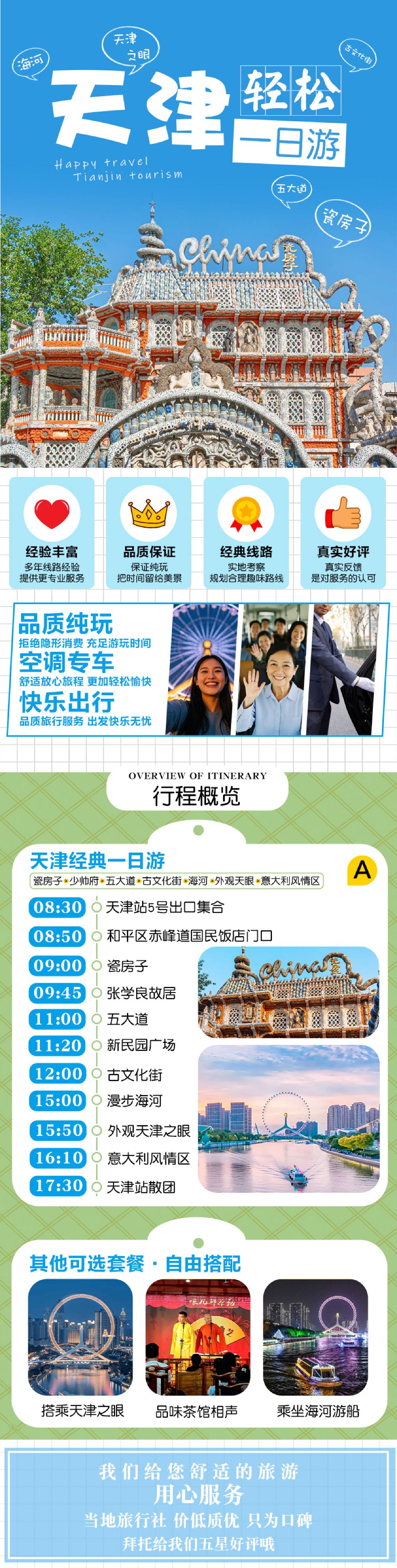 1、五一、国庆、春节法定节假日及寒暑假旺季期间,因景区客流较大,排队现象严重加之交通管制容易出现拥堵,为了能够有个更好的出游体验,导游会根据当天情况调整集合时间和地点,景点参观顺序,具体请以实际通知为准,敬请谅解!
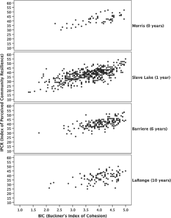 Disasters are unpredictable events that have catastrophic impacts. There is now a focus on disaster resilience and capacity building in the recovery of the community. Resilience literature also suggests a staged model of disaster impacts and likelihood of staged manifestations of resilience. It also points to a potentially important link between place-based social cohesion and resilience. This article reports on comparative findings of cohesion and resilience indices in four Canadian rural communities that experienced disasters and evacuation in potentially different phases of coping and resilience. Buckner’s Index of Cohesion and the Index of Perceived Community Resilience are examined in each community for relationships (correlation) between cohesion and resilience and for differences in the intensity of these variables. Our findings show a consistent significant positive correlation between cohesion and resilience, although the strength of the relationship varies. Findings also show place-specific differentiation in the mean intensity of both cohesion and resilience scores; temporal phases of disaster recovery for each community are also noted. This information can help in disaster recovery planning by ensuring supports are available at key points in time for communities that experience disasters. Other research is needed that compares communities that have experienced different types of disasters and over time periods to document any changes to resilience or cohesion thereby assisting with disaster policy development and programme planning.
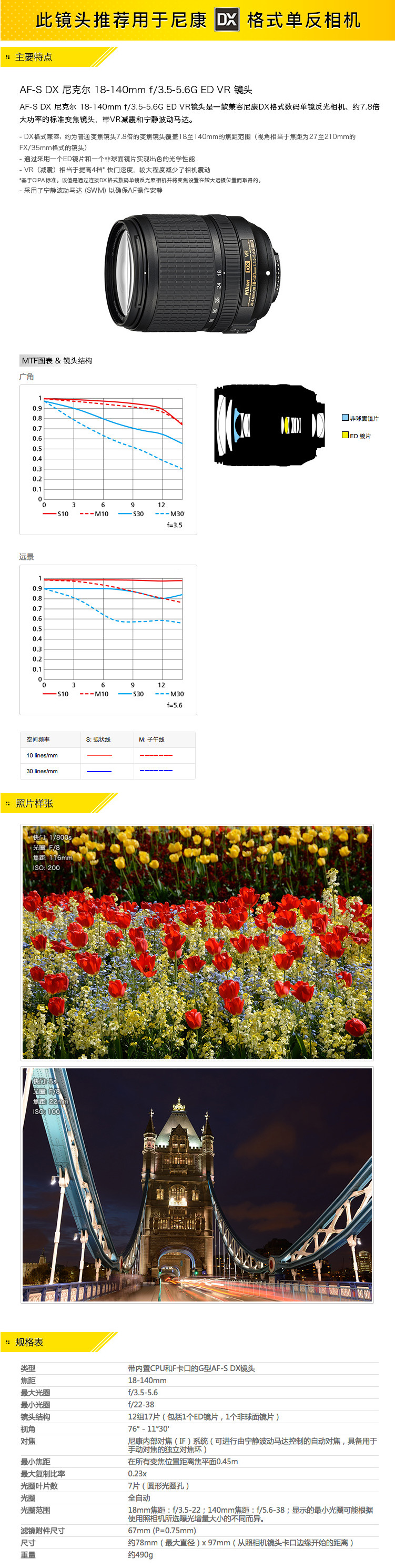 - 型號(hào):18-140mm f/3.5-5.6G ED VR
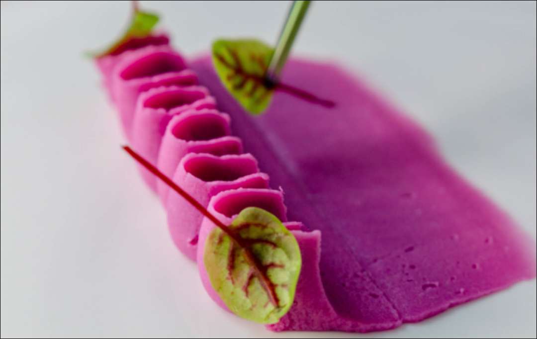 2. Using tweezers, place the yuzu-blanched red ribbon sorrel leaves to decorate the potato purée and to add some citrus flavor.
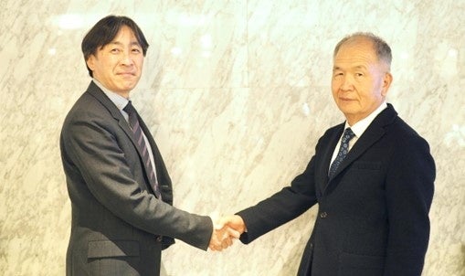 <左:上原吉就氏 福岡大学スポーツ科学部/福岡大学病院 予防・抗加齢・再生医療センター 教授/博士(医学) 右:株式会社レイデルジャパン 代表取締役 李ビョング>
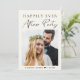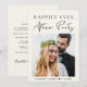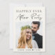 Elegant ljust krämflykt / litet bröllopsmeddelande och mottagning / firande fest inbjudan. Framsidan har din bröllopsfoto och "Happily Ever After Party" i en blandning av enkel typografi och ett chic modernt manus. Under din bild, lägg till dina namn och bröllopsdatum. På baksidan, anpassa ditt meddelande och lägg till fest eller mottagning detaljer och dina namn i ett signaturliknande manus.
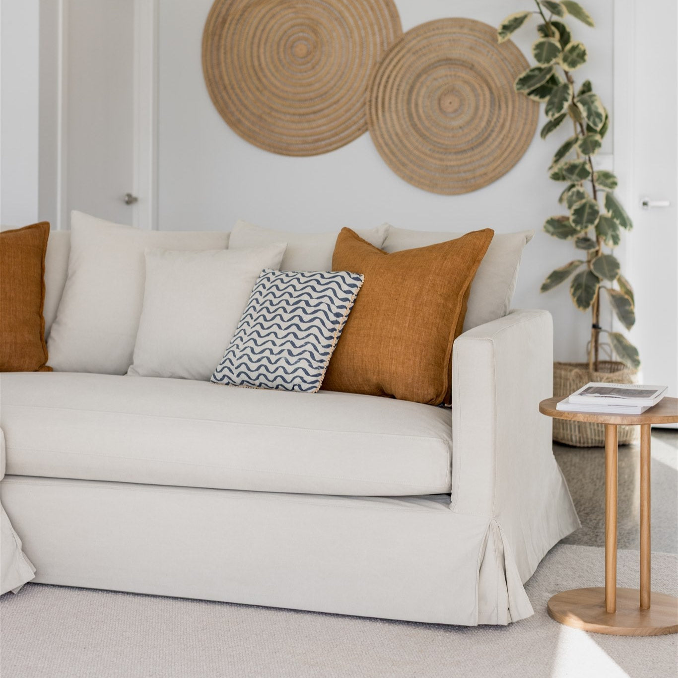 This loose cover sofa has been made with a hardwood frame and steel springs for comfort and support.
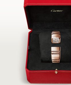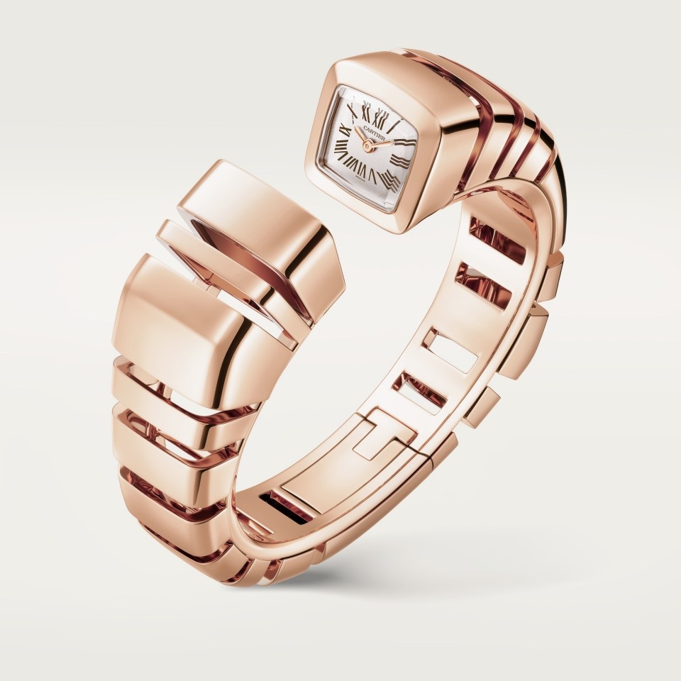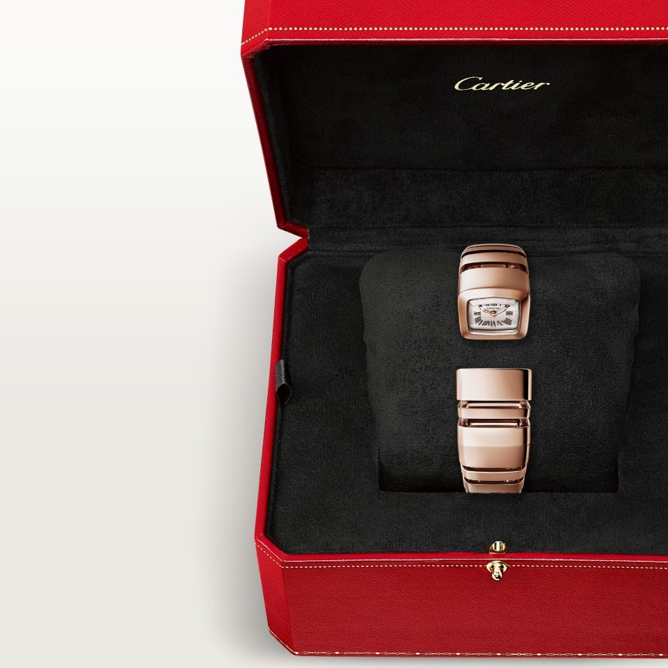 Reflection de Cartier watch, quartz movement. 18K rose gold (750/1000) case. Sandblasted dial, rose gold-finish steel sword-shaped hands, sapphire crystal. 18K rose gold (750/1000) bracelet. Case dimensions: 18.4 mm x 17.5 mm, thickness 8.9 mm. Water-resistant up to 3 bar (approx. 30 meters/100 feet).
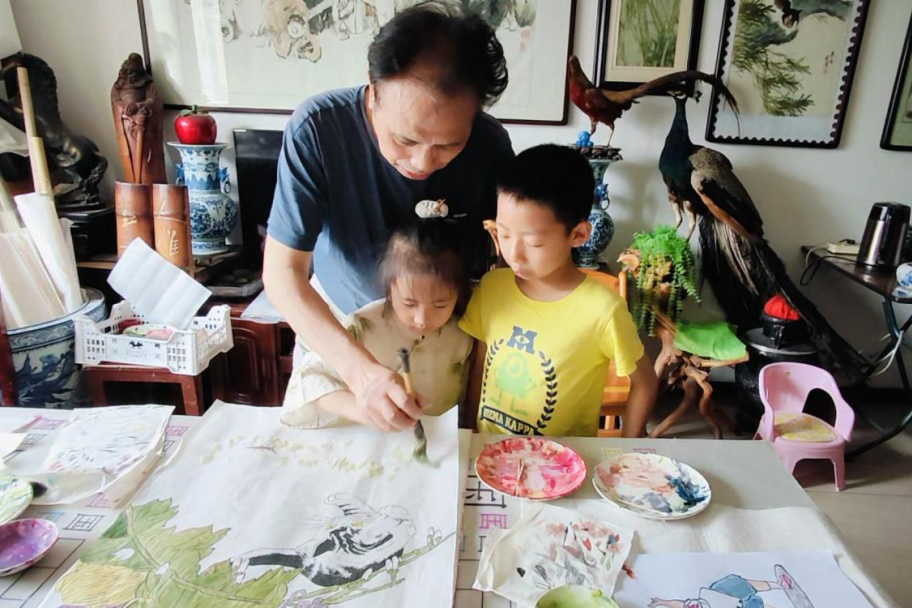 今年盛夏,一场特殊的“爷孙画展”在社区广场启幕。120张国画作品将长廊装点得墨香四溢,既有杨和平深耕半世纪的山水花鸟精品,更有20余幅孩子们的稚嫩习作。其中,孩子们的作品被特意置于最显眼的位置,8岁李卓樾的卡通工笔国画,用灵动线条勾勒出童趣;7岁杨舒茗的扇面小猫,或憨态可掬、或凝神远眺;张语知笔下的花鸟,落笔虽显稚嫩,却已初具韵味。
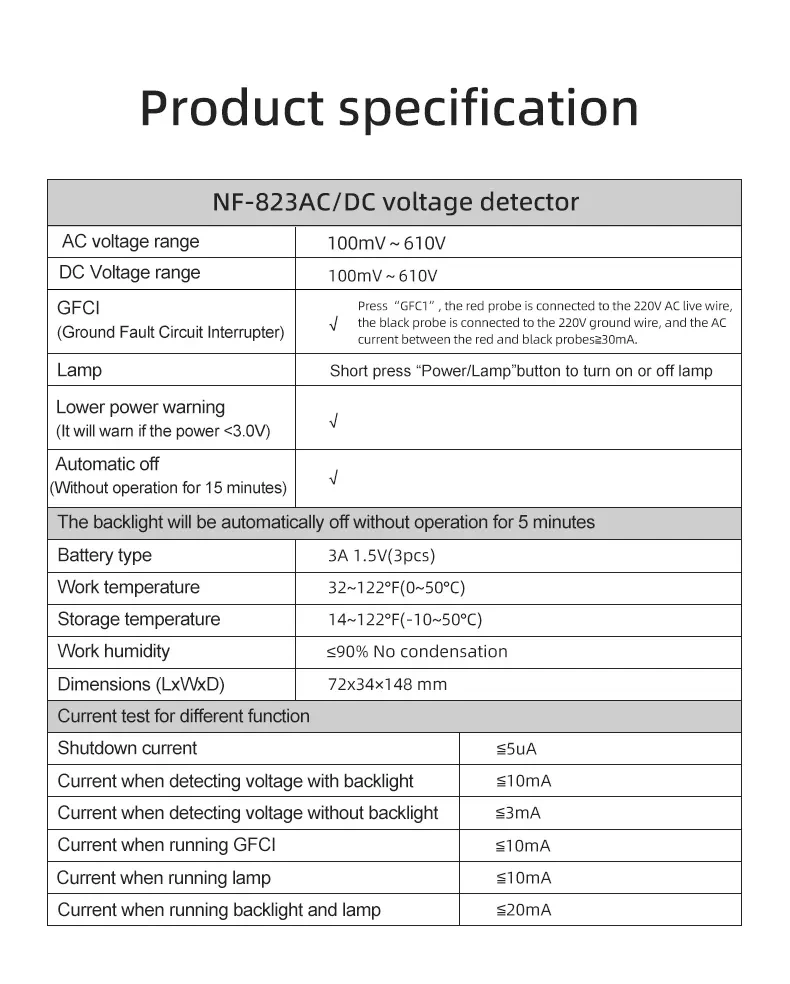 Urządzenie służy do szybkiej i bezpiecznej weryfikacji obecności napięcia przemiennego (AC) i stałego (DC) w zakresie od 100 mV do 610 V. Noyafa NF-823 to kompaktowy detektor cyfrowy, idealny zarówno dla elektryków zawodowych, jak i użytkowników domowych. Dzięki wbudowanemu inteligentnemu czipowi, pomiar jest wykonany w ciągu 0,5 sekundy z błędem zbliżonym do „zera”, co zapewnia wiarygodność wyników nawet przy niskich poziomach napięcia.

What is needed: Reproduce the records above exactly, but only from the line with "- 型號(hào):18-140mm f/3.5-5.6G ED VR" up to and including the line with "<左:上原吉就氏 福岡大学スポーツ科学部/福岡大学病院 予防・抗加齢・再生医療センター". Leave the pictures out.

Solution to this task:
 - 型號(hào):18-140mm f/3.5-5.6G ED VR
 2. Using tweezers, place the yuzu-blanched red ribbon sorrel leaves to decorate the potato purée and to add some citrus flavor.
 <左:上原吉就氏 福岡大学スポーツ科学部/福岡大学病院 予防・抗加齢・再生医療センター 教授/博士(医学) 右:株式会社レイデルジャパン 代表取締役 李ビョング>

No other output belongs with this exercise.